## DATA TO EXAMINE
▼▼▼

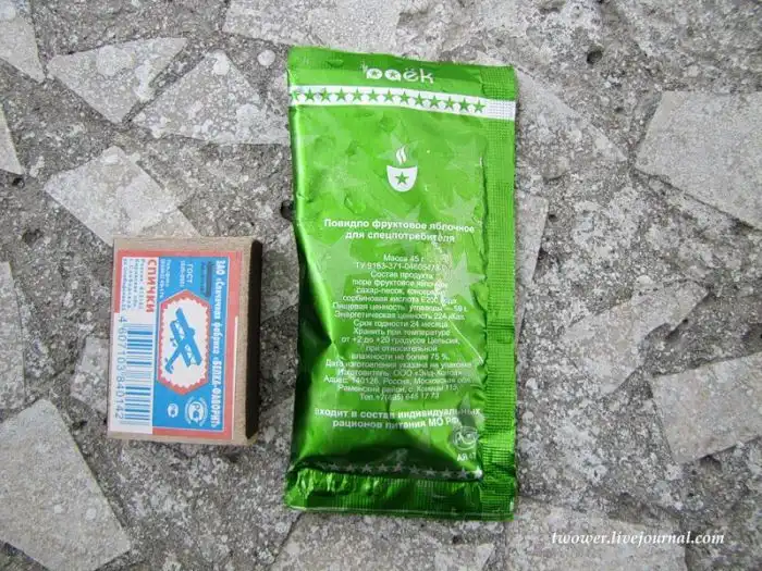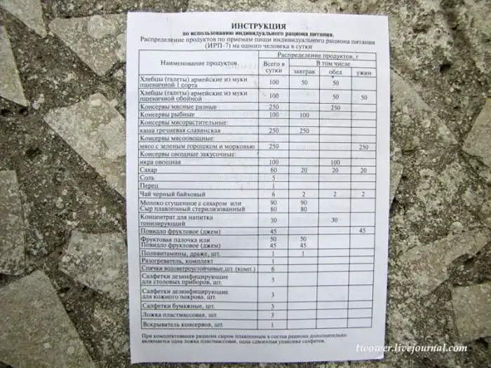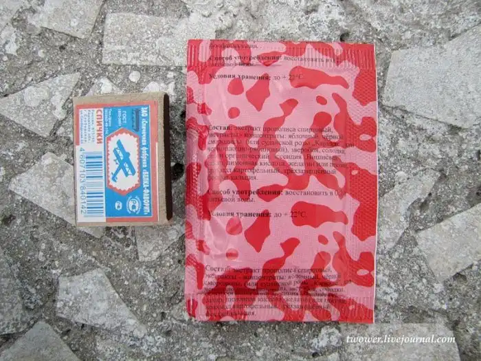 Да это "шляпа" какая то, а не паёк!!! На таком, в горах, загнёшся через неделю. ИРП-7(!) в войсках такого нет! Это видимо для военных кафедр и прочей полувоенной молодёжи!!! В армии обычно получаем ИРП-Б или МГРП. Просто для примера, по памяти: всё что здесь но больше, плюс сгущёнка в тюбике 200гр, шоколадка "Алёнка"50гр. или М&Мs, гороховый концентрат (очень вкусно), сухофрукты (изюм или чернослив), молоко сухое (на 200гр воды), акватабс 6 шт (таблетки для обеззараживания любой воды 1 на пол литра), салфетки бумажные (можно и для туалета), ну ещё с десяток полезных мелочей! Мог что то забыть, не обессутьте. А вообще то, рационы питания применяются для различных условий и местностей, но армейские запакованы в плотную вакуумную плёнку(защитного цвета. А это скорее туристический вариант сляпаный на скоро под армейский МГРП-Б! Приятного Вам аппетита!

▲▲▲
▼▼▼

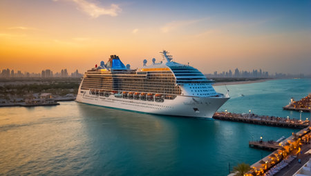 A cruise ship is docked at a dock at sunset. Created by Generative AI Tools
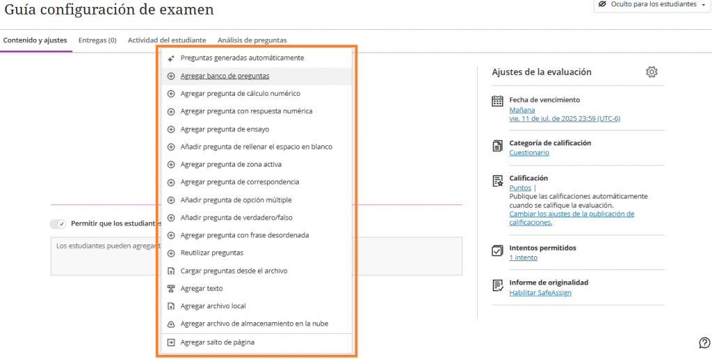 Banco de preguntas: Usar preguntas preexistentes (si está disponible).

▲▲▲

## AIM OF THE TASK
Would you copy the lines above exactly, starting with the one that has "A cruise ship" and ending with the one that has "Banco de preguntas: Usar", both included, without the pictures?

## ANSWER SECTION
 A cruise ship is docked at a dock at sunset. Created by Generative AI Tools
 Banco de preguntas: Usar preguntas preexistentes (si está disponible).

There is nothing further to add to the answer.